(RAW DATA Opens)
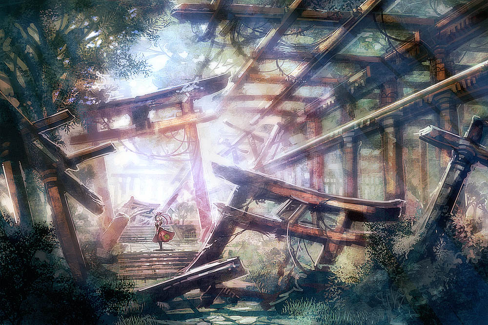 I'm not certain whether these trips are more or less jarring than being carried by a tengu in a hurry, but that uncertainty alone makes the difference meaningless. With my head still spinning from the “impact”, it's difficult to will myself off the ground, even as all the wrong stones hit all the wrong bones. Why, in some unfathomable way it's actually rather nostalgic, inviting me to lay for a moment longer. Come to think of it, nearly everything I've seen has had that hint of familiarity, barely a whisper in the breeze. I know I should press forward, but...maybe there's something worth investigating here, and just a moment's rest can make such a difference. Hopefully this wretched place will allow me that little. Under my eyelids rests a hovel's roof, a shoddy little thing by any animal's standard, hastily constructed of little more than twigs. The ground beneath me is rife with pests of a nature I'd rather not contemplate, but they pass over my arms, legs, and face without bothering to consider me. The pain from my makeshift bedding subsides beneath the pain in my bare feet (the cuts and scrapes weeping openly in place of my dried-out eyes) which subsides beneath that of my chest, a sharp yet constant ache beneath the bones, beneath the muscle. The rain does little to calm me. Nothing will bring it all back.
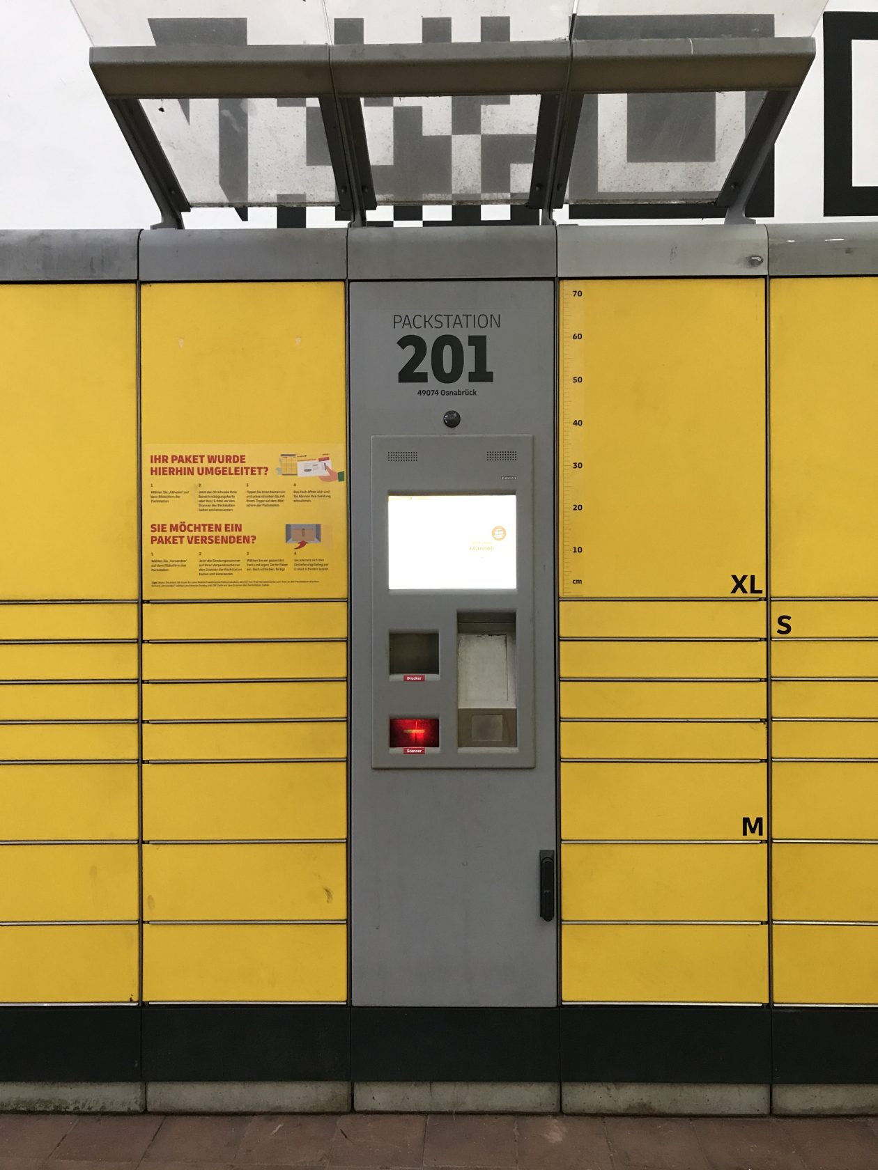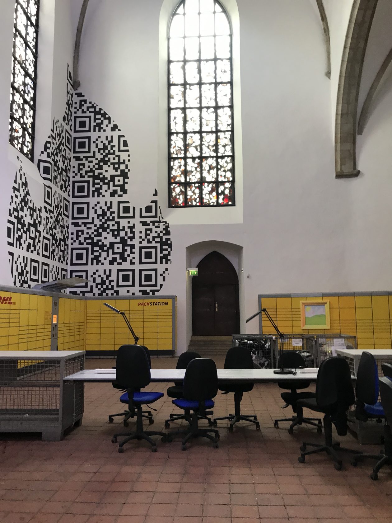 In de Kunsthalle Osnabrück kan je sinds afgelopen juli je DHL pakketje wegbrengen en ophalen. Bij binnenkomst is de hoek met de grote gele DHL pakketautomaat en selfservice loket niet te missen maar toch komt de twijfel direct op. Klopt dit, is dit wel een officieel pakketpunt of ben ik nu zomaar onderdeel geworden van een performance in een kunstinstallatie? Naast de lockers staan bureaus aan elkaar in een u-vorm met ertussenin manden met kapotte dvd spelers en ander digitaal afval, er staan bureaustoelen om heen en op de muur is een enorm grote QR-code opgeplakt.
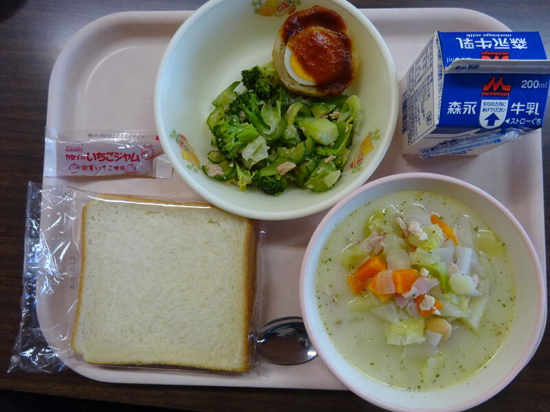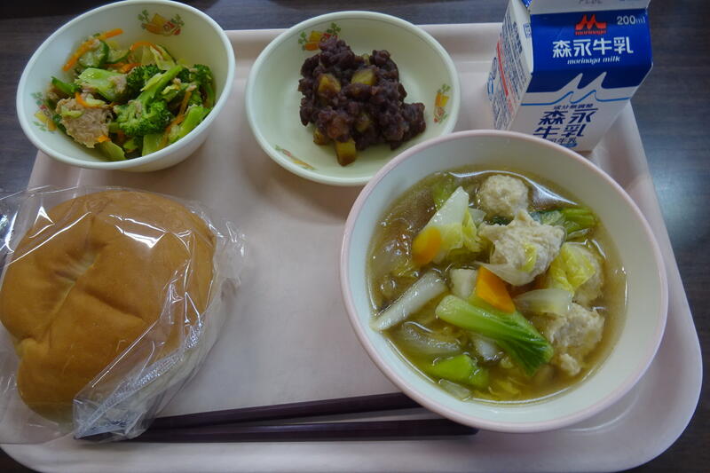 いきなりあんぱん、牛乳、手づくり肉団子のスープ、ブロッコリーサラダ
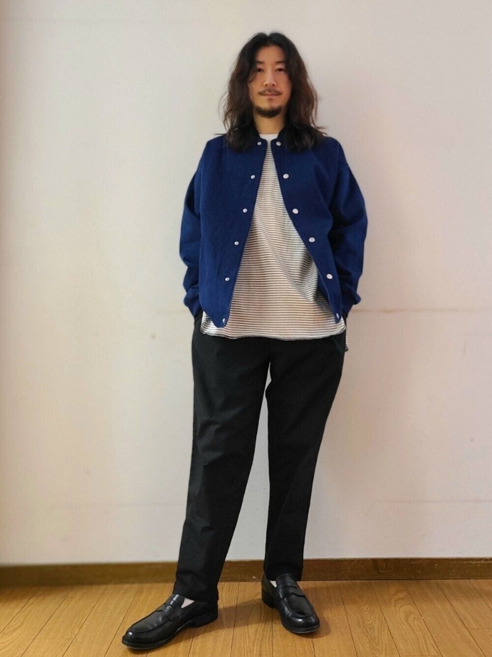 164cm/普通体型 ┈┈┈┈ 【SIZE】 T-shirt:Free(Ladys) Outer:M Bottom:M ┈┈┈┈ ➣T-shirt ゆったりシルエットの裾ラウンドロンT。 こちらはレディースアイテムですが、男性の方も是非! レイヤードが多い時期は、裾ラウンドのTシャツを選ぶとGOODです。 ステッチが特徴的でカラー違いで持っておきたくなる汎用性◎の万能アイテム。 ➣Outer デニムで仕立てたゆったりシルエットのMA1. 身幅が広いゆったりサイジングなので、体型を選ばずにどなたでもお召しいただけます。 しっかりとしたデニム生地でガシガシ使えるのも、着脱の多い春アウターと相性バッチリです。 ➣Bottom 説明不要の万能ボトム、シェフパンツをSS仕様で! シーズン毎に買い足しても、フルに使えるシェフパンツ。 ウェストゴムでストレスフリー。 ちょうど良いゆったりサイズで、コーディネートを選びません。
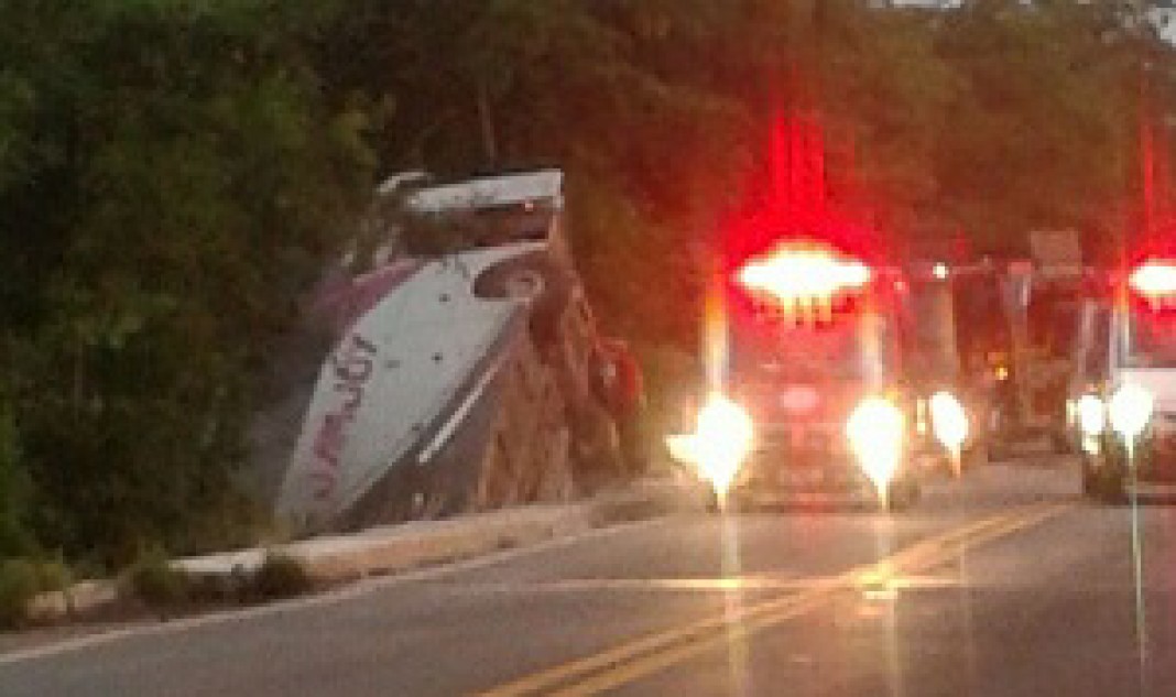 Na madrugada desta terça-feira (16), um ônibus da empresa Janjoy, caiu na ribanceira na BR-010.
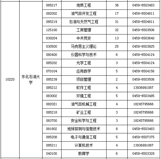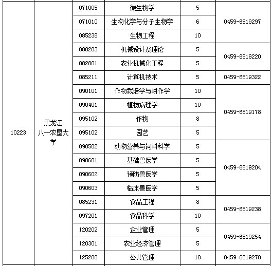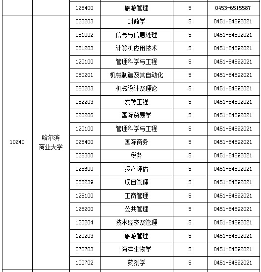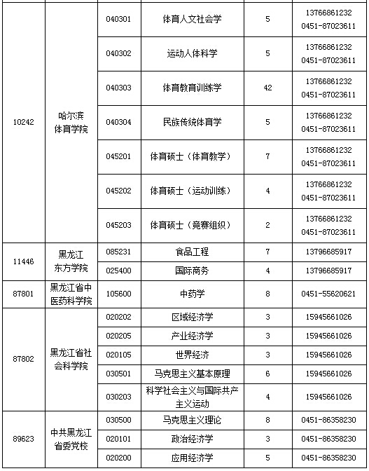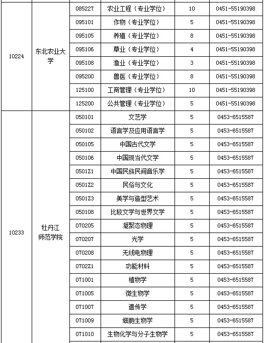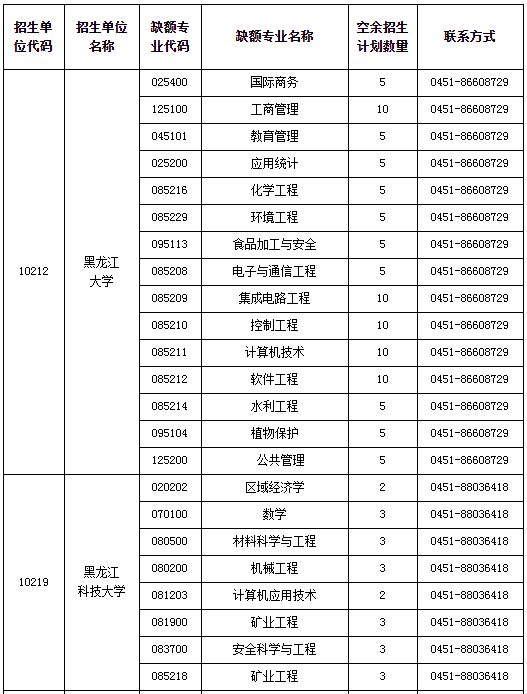 2015年黑龙江省硕士研究生各招生单位空余招生计划表
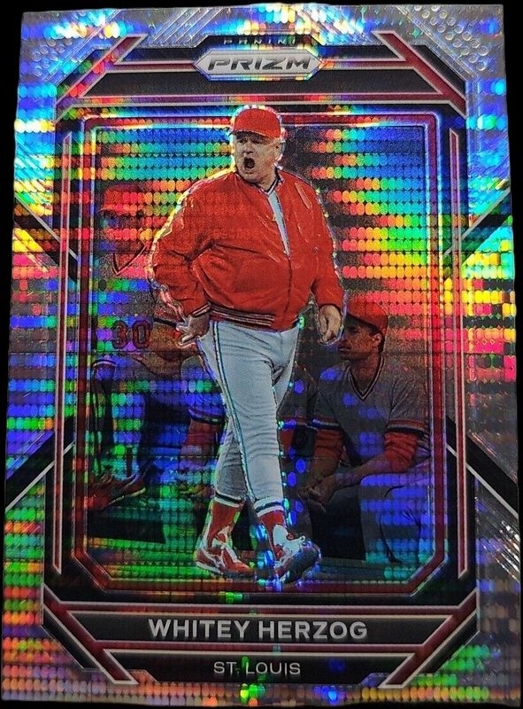 The Whitey Herzog 2023 Prizm #276 Pulsar card is 1 of 26 Whitey Herzog's card variations in the 2023 Prizm set being tracked by Sports Card Investor, including Base, Blue Ice, Giraffe, Green Ice, and Hyper.
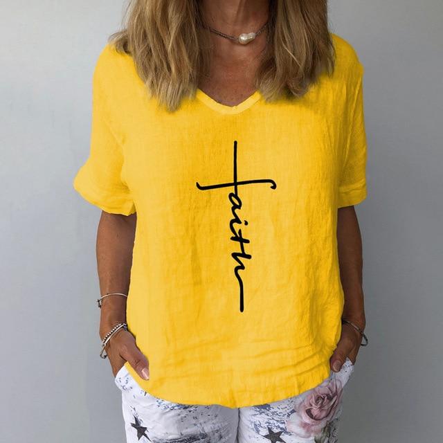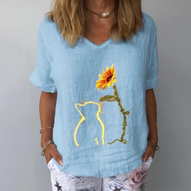 Elegant Linen Cotton Women Loose Shirt Summer V Neck Short Sleeve Blouse Shirts Casual Floral Print Ladies Tops Blusa Pullovers
(RAW DATA Closes)
• TASK GOAL:
Although the records above include pictures, the copy must contain only their exact text.

• SOLUTION FOR THIS PROBLEM:
 I'm not certain whether these trips are more or less jarring than being carried by a tengu in a hurry, but that uncertainty alone makes the difference meaningless. With my head still spinning from the “impact”, it's difficult to will myself off the ground, even as all the wrong stones hit all the wrong bones. Why, in some unfathomable way it's actually rather nostalgic, inviting me to lay for a moment longer. Come to think of it, nearly everything I've seen has had that hint of familiarity, barely a whisper in the breeze. I know I should press forward, but...maybe there's something worth investigating here, and just a moment's rest can make such a difference. Hopefully this wretched place will allow me that little. Under my eyelids rests a hovel's roof, a shoddy little thing by any animal's standard, hastily constructed of little more than twigs. The ground beneath me is rife with pests of a nature I'd rather not contemplate, but they pass over my arms, legs, and face without bothering to consider me. The pain from my makeshift bedding subsides beneath the pain in my bare feet (the cuts and scrapes weeping openly in place of my dried-out eyes) which subsides beneath that of my chest, a sharp yet constant ache beneath the bones, beneath the muscle. The rain does little to calm me. Nothing will bring it all back.
 In de Kunsthalle Osnabrück kan je sinds afgelopen juli je DHL pakketje wegbrengen en ophalen. Bij binnenkomst is de hoek met de grote gele DHL pakketautomaat en selfservice loket niet te missen maar toch komt de twijfel direct op. Klopt dit, is dit wel een officieel pakketpunt of ben ik nu zomaar onderdeel geworden van een performance in een kunstinstallatie? Naast de lockers staan bureaus aan elkaar in een u-vorm met ertussenin manden met kapotte dvd spelers en ander digitaal afval, er staan bureaustoelen om heen en op de muur is een enorm grote QR-code opgeplakt.
 いきなりあんぱん、牛乳、手づくり肉団子のスープ、ブロッコリーサラダ
 164cm/普通体型 ┈┈┈┈ 【SIZE】 T-shirt:Free(Ladys) Outer:M Bottom:M ┈┈┈┈ ➣T-shirt ゆったりシルエットの裾ラウンドロンT。 こちらはレディースアイテムですが、男性の方も是非! レイヤードが多い時期は、裾ラウンドのTシャツを選ぶとGOODです。 ステッチが特徴的でカラー違いで持っておきたくなる汎用性◎の万能アイテム。 ➣Outer デニムで仕立てたゆったりシルエットのMA1. 身幅が広いゆったりサイジングなので、体型を選ばずにどなたでもお召しいただけます。 しっかりとしたデニム生地でガシガシ使えるのも、着脱の多い春アウターと相性バッチリです。 ➣Bottom 説明不要の万能ボトム、シェフパンツをSS仕様で! シーズン毎に買い足しても、フルに使えるシェフパンツ。 ウェストゴムでストレスフリー。 ちょうど良いゆったりサイズで、コーディネートを選びません。
 Na madrugada desta terça-feira (16), um ônibus da empresa Janjoy, caiu na ribanceira na BR-010.
 2015年黑龙江省硕士研究生各招生单位空余招生计划表
 The Whitey Herzog 2023 Prizm #276 Pulsar card is 1 of 26 Whitey Herzog's card variations in the 2023 Prizm set being tracked by Sports Card Investor, including Base, Blue Ice, Giraffe, Green Ice, and Hyper.
 Elegant Linen Cotton Women Loose Shirt Summer V Neck Short Sleeve Blouse Shirts Casual Floral Print Ladies Tops Blusa Pullovers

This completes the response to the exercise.